▶ [Work order] Whenever a picture appears, leave it out while repeating all the other data exactly.

▶ [Supplied information]
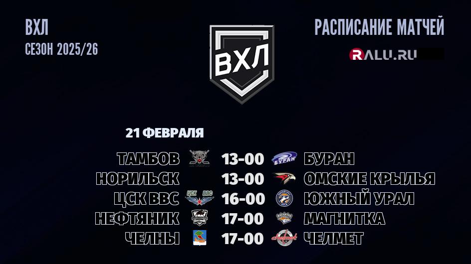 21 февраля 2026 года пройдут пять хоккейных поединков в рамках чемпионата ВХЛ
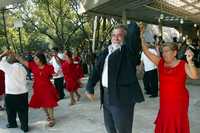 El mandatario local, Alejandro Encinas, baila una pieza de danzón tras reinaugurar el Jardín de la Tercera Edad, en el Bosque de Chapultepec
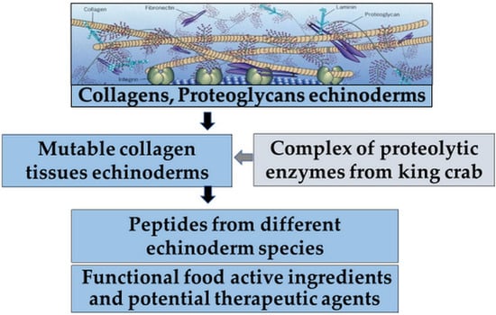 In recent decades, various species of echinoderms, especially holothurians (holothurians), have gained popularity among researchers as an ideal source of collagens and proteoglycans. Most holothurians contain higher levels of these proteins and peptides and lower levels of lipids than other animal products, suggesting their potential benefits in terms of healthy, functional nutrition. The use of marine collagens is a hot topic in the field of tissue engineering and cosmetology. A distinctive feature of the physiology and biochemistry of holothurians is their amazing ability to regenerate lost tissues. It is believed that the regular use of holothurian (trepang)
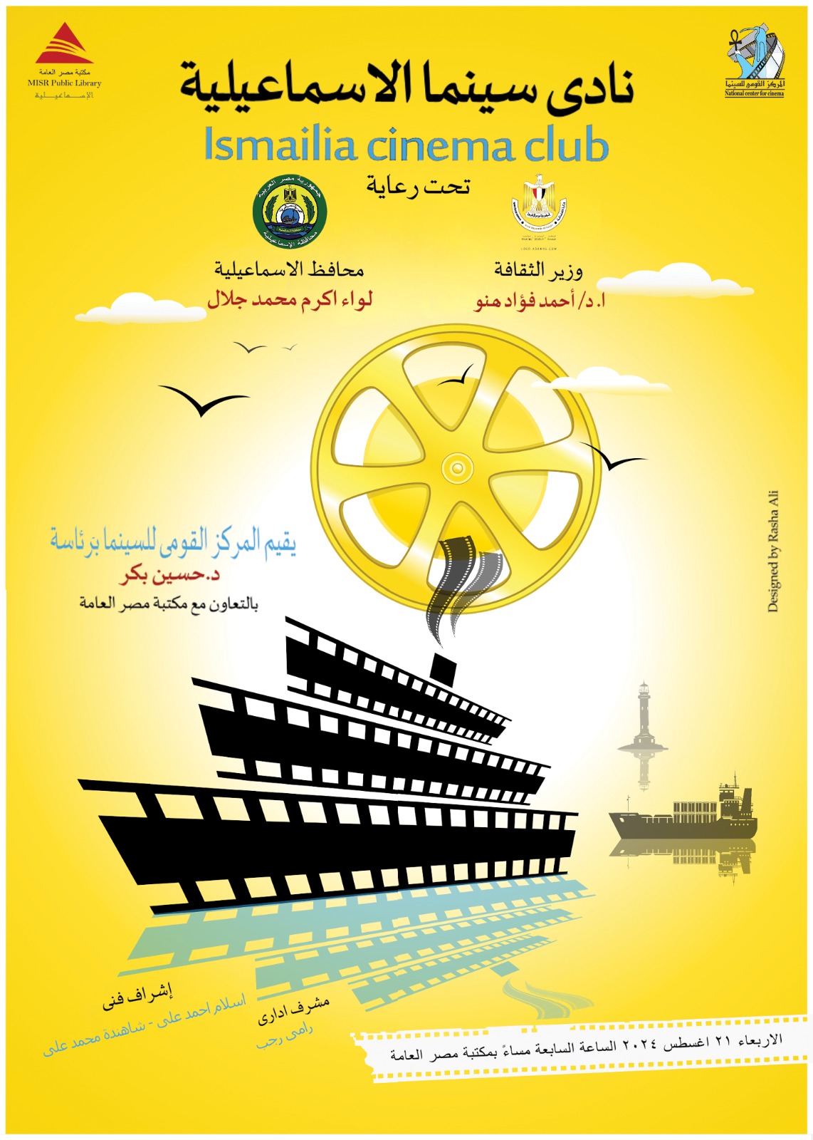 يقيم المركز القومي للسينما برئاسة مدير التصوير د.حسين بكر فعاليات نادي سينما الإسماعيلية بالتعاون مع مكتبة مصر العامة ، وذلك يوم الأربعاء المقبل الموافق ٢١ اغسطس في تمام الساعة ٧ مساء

▶ [Task solution]
 21 февраля 2026 года пройдут пять хоккейных поединков в рамках чемпионата ВХЛ
 El mandatario local, Alejandro Encinas, baila una pieza de danzón tras reinaugurar el Jardín de la Tercera Edad, en el Bosque de Chapultepec
 In recent decades, various species of echinoderms, especially holothurians (holothurians), have gained popularity among researchers as an ideal source of collagens and proteoglycans. Most holothurians contain higher levels of these proteins and peptides and lower levels of lipids than other animal products, suggesting their potential benefits in terms of healthy, functional nutrition. The use of marine collagens is a hot topic in the field of tissue engineering and cosmetology. A distinctive feature of the physiology and biochemistry of holothurians is their amazing ability to regenerate lost tissues. It is believed that the regular use of holothurian (trepang)
 يقيم المركز القومي للسينما برئاسة مدير التصوير د.حسين بكر فعاليات نادي سينما الإسماعيلية بالتعاون مع مكتبة مصر العامة ، وذلك يوم الأربعاء المقبل الموافق ٢١ اغسطس في تمام الساعة ٧ مساء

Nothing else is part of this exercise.